Work to be completed.
In your copy of the data, keep every word exact and include no pictures.

Data excerpt.

= Beginning of Section =

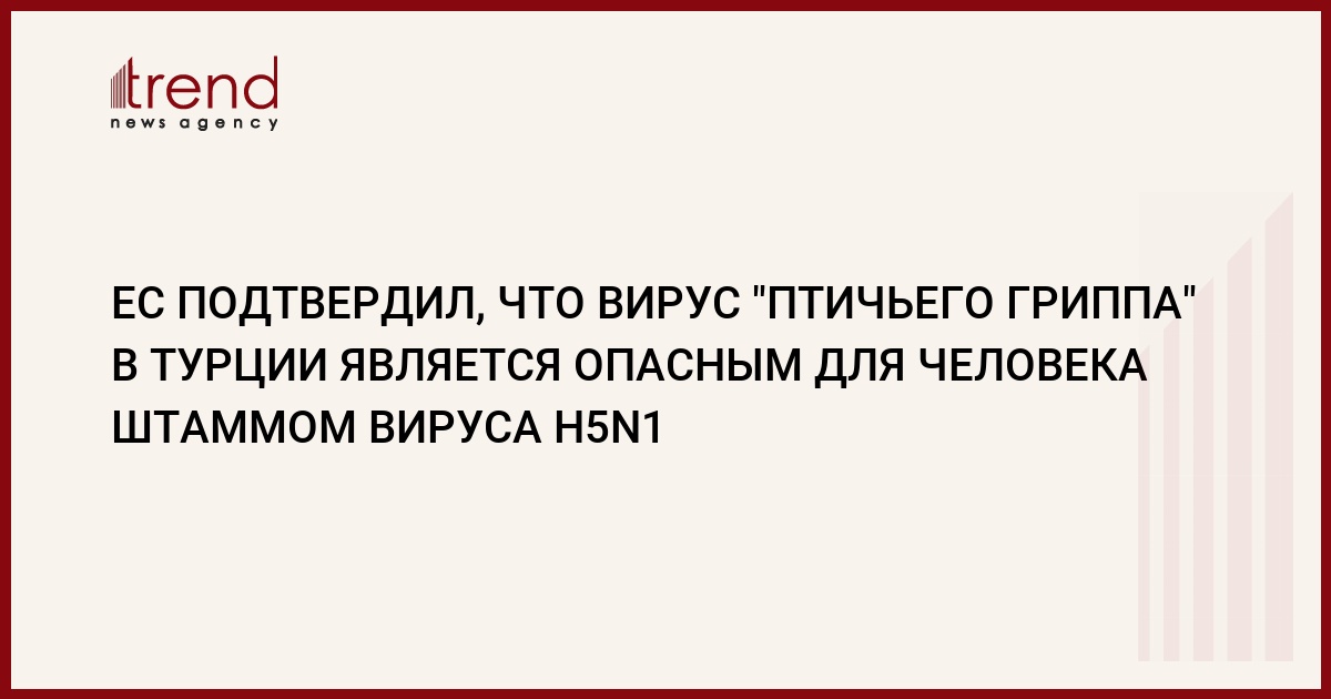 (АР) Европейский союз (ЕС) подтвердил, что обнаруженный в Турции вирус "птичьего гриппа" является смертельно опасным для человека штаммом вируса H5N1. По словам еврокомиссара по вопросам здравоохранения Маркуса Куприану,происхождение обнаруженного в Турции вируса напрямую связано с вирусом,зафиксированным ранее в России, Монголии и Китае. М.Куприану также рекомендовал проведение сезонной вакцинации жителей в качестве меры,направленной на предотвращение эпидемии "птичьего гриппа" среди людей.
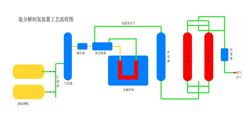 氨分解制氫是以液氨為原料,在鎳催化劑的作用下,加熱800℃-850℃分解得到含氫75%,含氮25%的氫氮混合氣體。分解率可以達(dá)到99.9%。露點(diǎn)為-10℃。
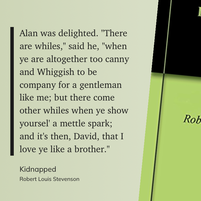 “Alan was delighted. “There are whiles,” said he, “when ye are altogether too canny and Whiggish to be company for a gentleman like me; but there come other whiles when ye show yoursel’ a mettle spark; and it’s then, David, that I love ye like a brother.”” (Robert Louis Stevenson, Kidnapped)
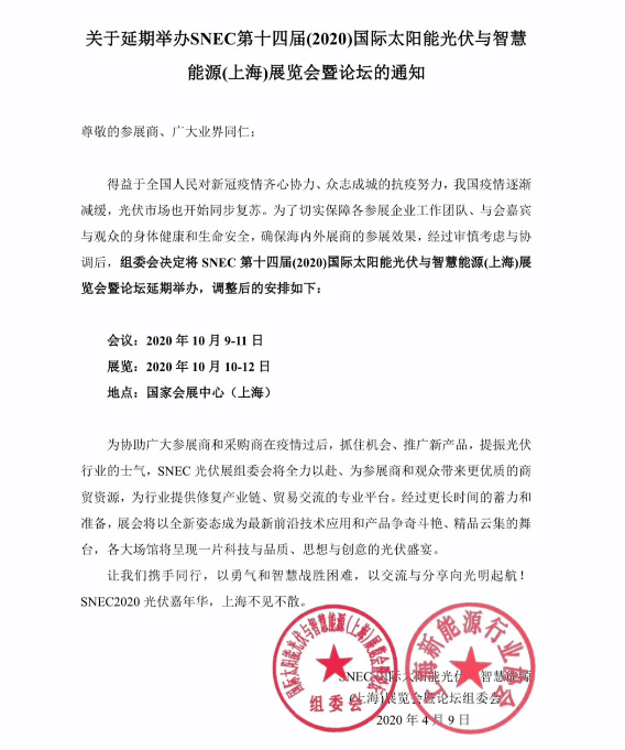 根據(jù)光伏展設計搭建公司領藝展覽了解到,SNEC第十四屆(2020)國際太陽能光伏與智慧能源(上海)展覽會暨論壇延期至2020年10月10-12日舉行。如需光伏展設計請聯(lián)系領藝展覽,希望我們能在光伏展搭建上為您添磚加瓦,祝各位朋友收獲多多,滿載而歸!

= End of Section =

Answer for this exercise.
 (АР) Европейский союз (ЕС) подтвердил, что обнаруженный в Турции вирус "птичьего гриппа" является смертельно опасным для человека штаммом вируса H5N1. По словам еврокомиссара по вопросам здравоохранения Маркуса Куприану,происхождение обнаруженного в Турции вируса напрямую связано с вирусом,зафиксированным ранее в России, Монголии и Китае. М.Куприану также рекомендовал проведение сезонной вакцинации жителей в качестве меры,направленной на предотвращение эпидемии "птичьего гриппа" среди людей.
 氨分解制氫是以液氨為原料,在鎳催化劑的作用下,加熱800℃-850℃分解得到含氫75%,含氮25%的氫氮混合氣體。分解率可以達(dá)到99.9%。露點(diǎn)為-10℃。
 “Alan was delighted. “There are whiles,” said he, “when ye are altogether too canny and Whiggish to be company for a gentleman like me; but there come other whiles when ye show yoursel’ a mettle spark; and it’s then, David, that I love ye like a brother.”” (Robert Louis Stevenson, Kidnapped)
 根據(jù)光伏展設計搭建公司領藝展覽了解到,SNEC第十四屆(2020)國際太陽能光伏與智慧能源(上海)展覽會暨論壇延期至2020年10月10-12日舉行。如需光伏展設計請聯(lián)系領藝展覽,希望我們能在光伏展搭建上為您添磚加瓦,祝各位朋友收獲多多,滿載而歸!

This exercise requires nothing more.